A new study has revealed that the Siah2 protein is crucial to control Tregs in mice, which can reduce the effectiveness of immunotherapies.
Researchers have identified a new technique to improve the immune systems ability to fight cancer. Using mouse models they demonstrated that the Siah2 protein is essential to control T regulatory cells (Tregs), which can limit the effectiveness of currently used immunotherapies.
The study was conducted at the Sanford Burnham Prebys Medical Discovery Institute, in collaboration with NYU Langones Perlmutter Cancer Center, both US.
While Siah2 is involved in control of activities that govern cancer development, this study offers the first direct evidence for its role in the immune system, namely in anti-tumor immunity, says Dr Zeev Ronai, professor in Sanford Burnham Prebys Tumor Initiation and Maintenance Program and senior author of the study. Our study shows that a PD-1 inhibitor can be used to treat tumors that currently do not respond to this therapy, when administered in mice lacking the Siah2 gene, thereby offering a means to expand the effectiveness of immunotherapy. The findings also provide further justification for our efforts to find a drug that blocks Siah2.

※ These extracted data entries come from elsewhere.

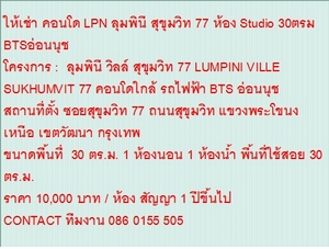 ให้เช่า คอนโด LPN ลุมพินี สุขุมวิท 77 ห้อง Studio 30ตรม BTSอ่อนนุช / ให้เช่า คอนโด LPN ลุมพินี สุขุมวิท 77 ห้อง Studio
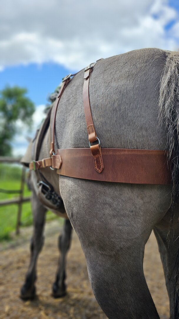 Die Geschirre werden von Hand mit der sehr stabilen Sattlernaht hergestellt. Für die Herstellung wird hochwertiges, pflanzlich gegerbtes Geschirrleder verwendet, das durch spezielle Tauchfettung und Verarbeitung extrem reißfest und widerstandsfähig ist.
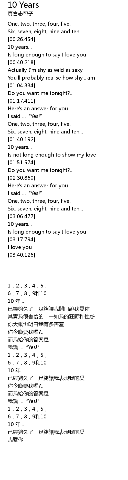 | [00:18.005] | Six, seven, eight, nine and ten... |
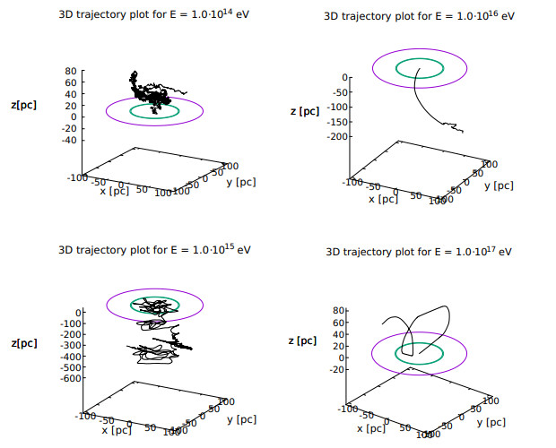 У этой галактической хватки, конечно, есть предел — чтобы сбежать, частице надо хорошенько разогнаться. Оценить, сможет ли заряженная частица покинуть галактику, можно по характерному радиусу кривизны ее траектории. Он прямо пропорционален импульсу частицы и обратно пропорционален ее заряду и величине магнитного поля — то есть чем быстрее движется частица и чем слабее удерживает ее поле, тем больше вероятность сорваться с привязи, на которой ее удерживает галактика. Если у частицы небольшая энергия, то магнитное поле галактики (порядка микрогаусса) будет удерживать ее внутри галактического диска, толщина которого — сотни парсек. Высокоэнергетические частицы, у которых радиус кривизны траектории значительно превосходит эту толщину, будут беспрепятственно ее покидать.
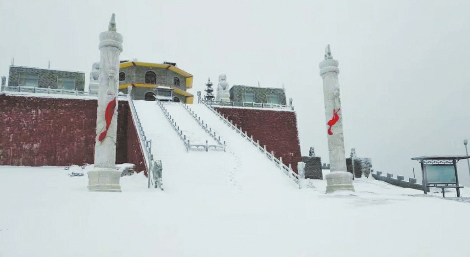 此次降雪主要分布在五臺山平均海拔2800米以上的五座臺頂。因為臺頂與臺懷腹地海拔相差1000米以上,所以時有“臺懷飄雨臺頂雪”的奇觀出現(xiàn)。東臺頂亦名望海峰,《清涼山志》載:“蒸云寢壑,爽氣澄秋,東望明霞,若陂若境,即大海也。亦見滄瀛諸州,因以為名?!蓖7迨俏迮_山觀日出的絕佳位置。7日一大早,東方不見明霞,整個東臺頂銀裝素裹,霧靄茫茫,天籟梵音依舊,在圣潔的佛國仙境踏雪而行,更深切地感受人生一步一個腳印的意義。(本報記者 馬卓超 通訊員 覺一 攝影報道)
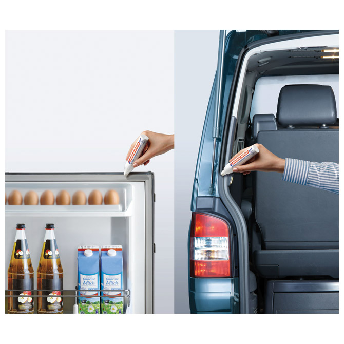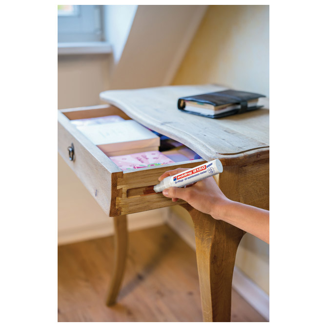 širok lubrikantni označevalec za vzdrževanje gumijastih delov; klinasta konica; širina črte 4-12 mm; očistite gumo pred nanosom silikonskega olja v označevalcu

In the study, the scientists used genetically engineered mice that did not produce the Siah2 protein and then introduced BRAF-mutant melanoma, a mutation that occurs in about half of human melanomas. This approach allowed the researchers to study the role of Siah2 in the tumours microenvironment, of which the immune system is a major component. In the absence of the Siah2 gene, the melanoma tumors receded, which contrasted to mice with the Siah2 gene, in which the tumour continued to grow. Giving these mice anti-PD-1 therapy effectively eliminated melanoma that otherwise resisted this therapy, demonstrating a new path to enhance the effectiveness of current immunotherapies.
The scientists discovered that in the Siah2 mutant mice, the tumours were infiltrated by killer but not Treg immune cells, indicating the immune system was more active in clearing the tumours. The lack of the Treg cells was attributed to reduced proliferation and recruitment into the tumour due to the role of Siah2 and its control of cell cycle regulatory proteins.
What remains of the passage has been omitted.